Le Fonds Hélène et Edouard Leclerc pour la Culture (FHEL) présente, du 12 juin au 15 janvier 2023, une exposition rétrospective d'Ernest Pignon-Ernest dans son bel espace de 1200 m2 à Landerneau, après entre autres, Fromanger, Monory, Picasso, Chagall ou Françoise Pétrovitch. C'est une bonne nouvelle : les abonnés de cette lettre savent mon admiration pour l'artiste que j'ai naguère qualifié de « plus grand dessinateur du monde » en donnant mes raisons. Il y aura 300 pièces réunies par le commissaire Jean de Loisy, et c'est passionnant. Mais peut-être que de jeunes lecteurs ne connaissent pas bien Pignon-Ernest. Il se trouve que l'hebdomadaire Les Lettres Françaises m'avait demandé un texte de rapide initiation en juin 2008 à l'occasion de la présentation annoncée de la série des Extases. Je reprends donc quelques éléments de ce texte qui partait d'une question qui venait d'être posée en philosophie aux candidats au bac : « L'art transforme-t-il notre conscience du réel ? »
Si le réel, répondais-je, c'est Arthur Rimbaud, ou un homme anonyme solitaire dans une cabine téléphonique, Antonin Artaud, le sida à Soweto, Jean Genet, les extases de Catherine de Sienne ou de Thérèse d'Avila... alors oui, franchement on peut dire que l'art, en l'occurrence celui de Pignon-Ernest, transforme puissamment notre conscience du réel. Mieux : il peut nous révéler un réel que nous ne soupçonnions pas. Mais tout d'abord, quelques précisions. Ernest Pignon-Ernest, né à Nice en 1942, n'est pas peintre, ni sculpteur : il dessine exclusivement. Ses dessins - de grands fusains en général - ne sont pas destinés à être exposés dans les galeries et les musées : ce sont des matrices pour des sérigraphies qui seront collées dans les villes. En 1978, il a voulu rendre hommage à Rimbaud et il a inventé son portrait à partir des quelques photographies de lui qui nous sont parvenues. Mais il l'a débarrassé de sa lavallière et revêtu d'un jean car le poète des Illuminations est notre contemporain. Le dessin est d'inspiration classique dans la forme (Ernest a atteint un niveau de maîtrise équivalent à celui du Caravage, une de ses références de prédilection, si toutefois Caravage avait dessiné !). Mais ce qu'il va faire de sa prodigieuse technique n'est pas du tout classique.

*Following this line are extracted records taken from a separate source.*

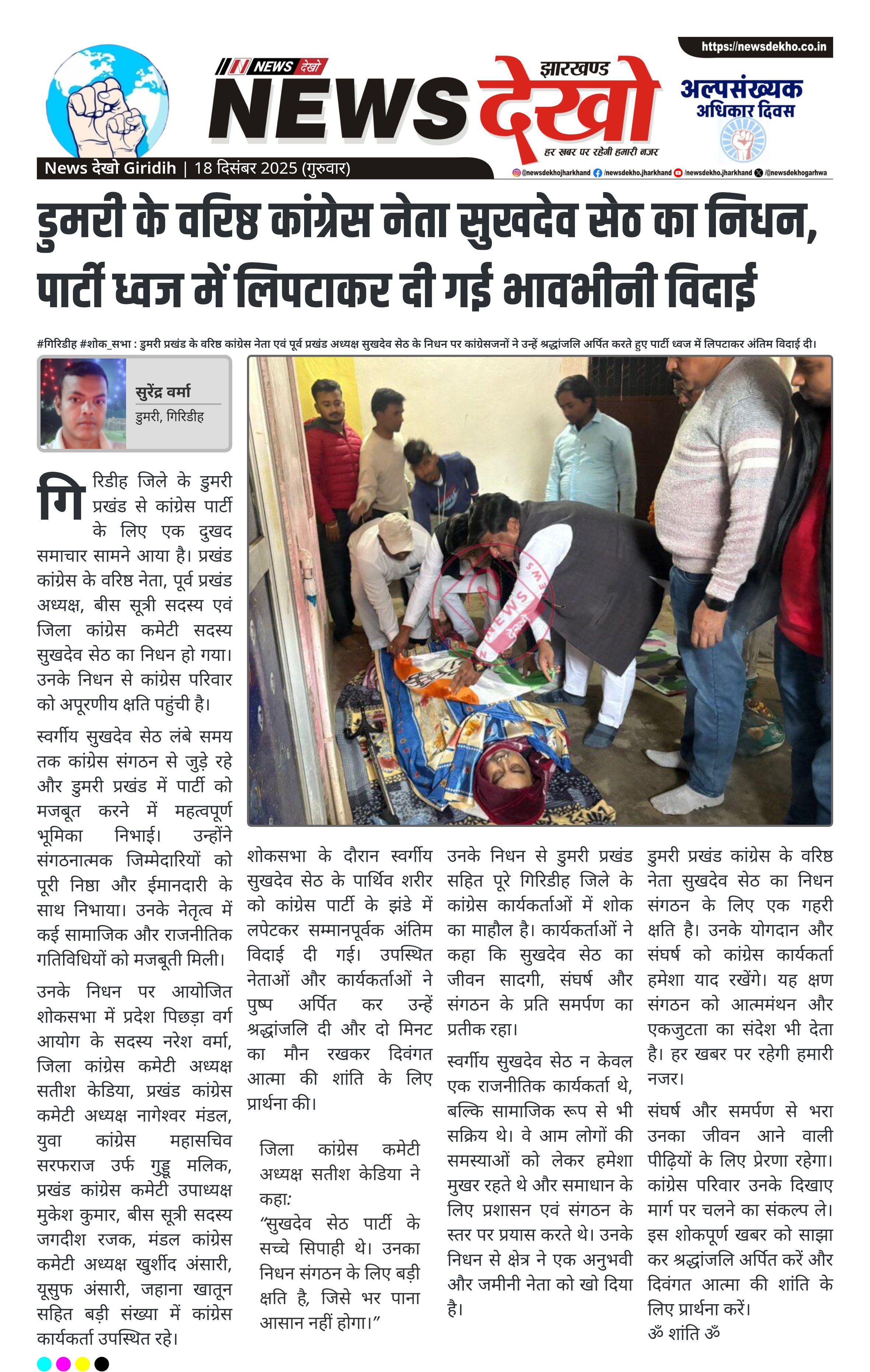 #गिरिडीह #शोक_सभा : डुमरी प्रखंड के वरिष्ठ कांग्रेस नेता एवं पूर्व प्रखंड अध्यक्ष सुखदेव सेठ के निधन पर कांग्रेसजनों ने उन्हें श्रद्धांजलि अर्पित करते हुए पार्टी ध्वज में लिपटाकर अंतिम विदाई दी। सुखदेव सेठ डुमरी प्रखंड कांग्रेस के वरिष्ठ नेता थे। पूर्व प्रखंड अध्यक्ष और बीस सूत्री सदस्य रह चुके थे। जिला कांग्रेस कमेटी के सक्रिय सदस्य के रूप में योगदान। कांग्रेस नेताओं व कार्यकर्ताओं ने दी भावभीनी श्रद्धांजलि। पार्टी झंडे में लपेटकर दी गई अंतिम विदाई। शोकसभा में बड़ी…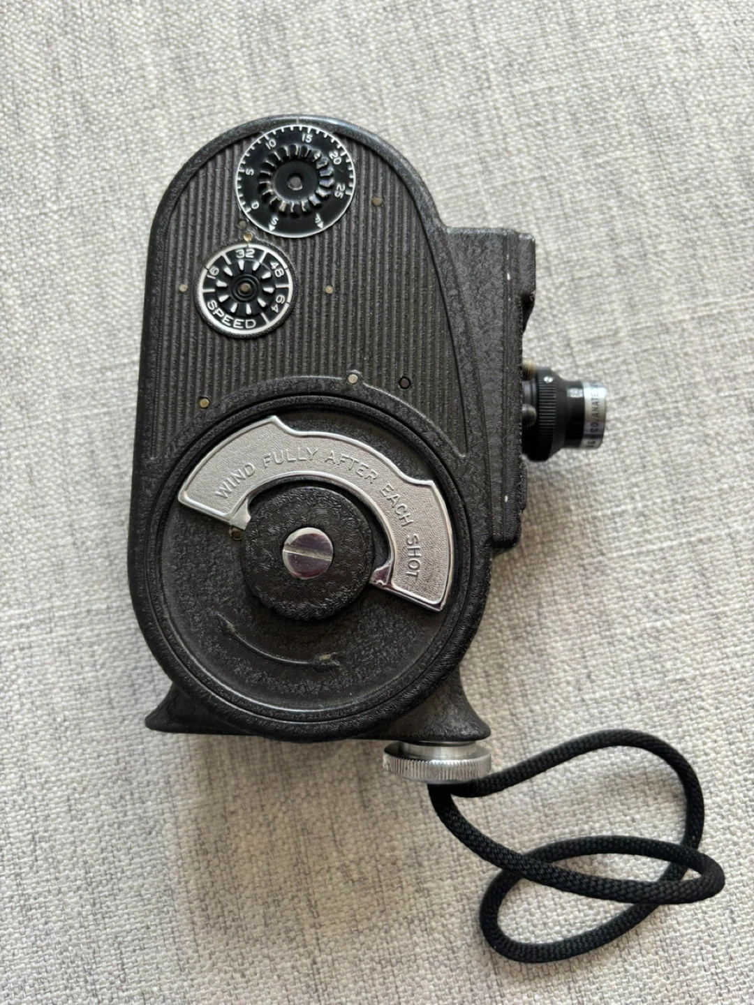 1940’s vintage Bell & Howell Filmo Sportster 8mm movie camera. This camera has adjustable speed settings and includes a winding crank. Spring motor winds and runs.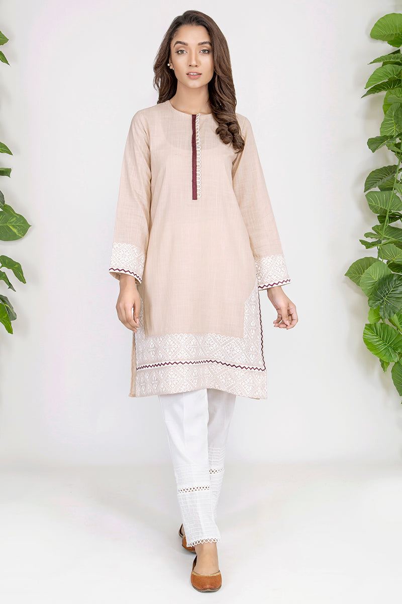 TEXTURED COTTON EMBELLISHED READY TO WEAR SHIRT
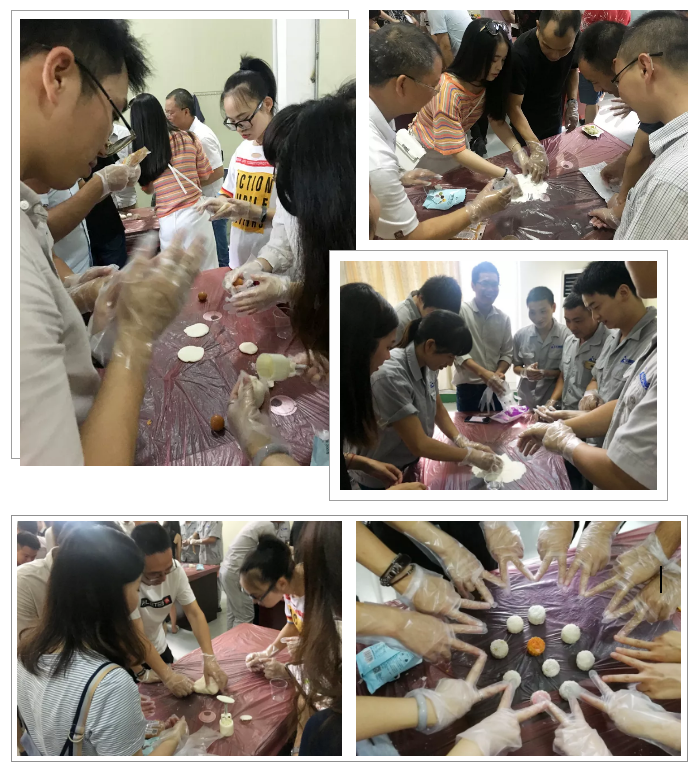 Part②手工制作月饼:细心的人事行政部同事们为大家准备了制作冰皮月饼的材料,大家一起手工制作月饼,分享美食。

Pour en rester à Rimbaud, cette image a été imprimée en sérigraphie, en noir « simplement sans tramage » sur un papier très ordinaire, du papier journal. Quand on rencontre cette image dans la rue, cette pauvreté, cette vulnérabilité du papier est évidente. « Si le dessin a ému, la perception simultanée de sa destruction programmée est d'autant plus troublante et forte, que l'on en ait conscience ou pas » dit l'artiste. Oui, le dessin a ému, comme nous a bouleversé le portrait de Pasolini ou celui, collé sur les murs d'Alger, de Maurice Audin, français martyr de la cause algérienne. Au fait, pourquoi Rimbaud ? Sans doute parce que le fanatique de l'indépendance individuelle, le passionné de liberté, ne saurait être mis au service d'aucune cause, sinon celle qui annonce « l'éternité sur le champ ». Or seul l'art est susceptible de nous la donner, parce que seul il peut transformer notre conscience du réel : l'art de Pignon-Ernest en tout cas.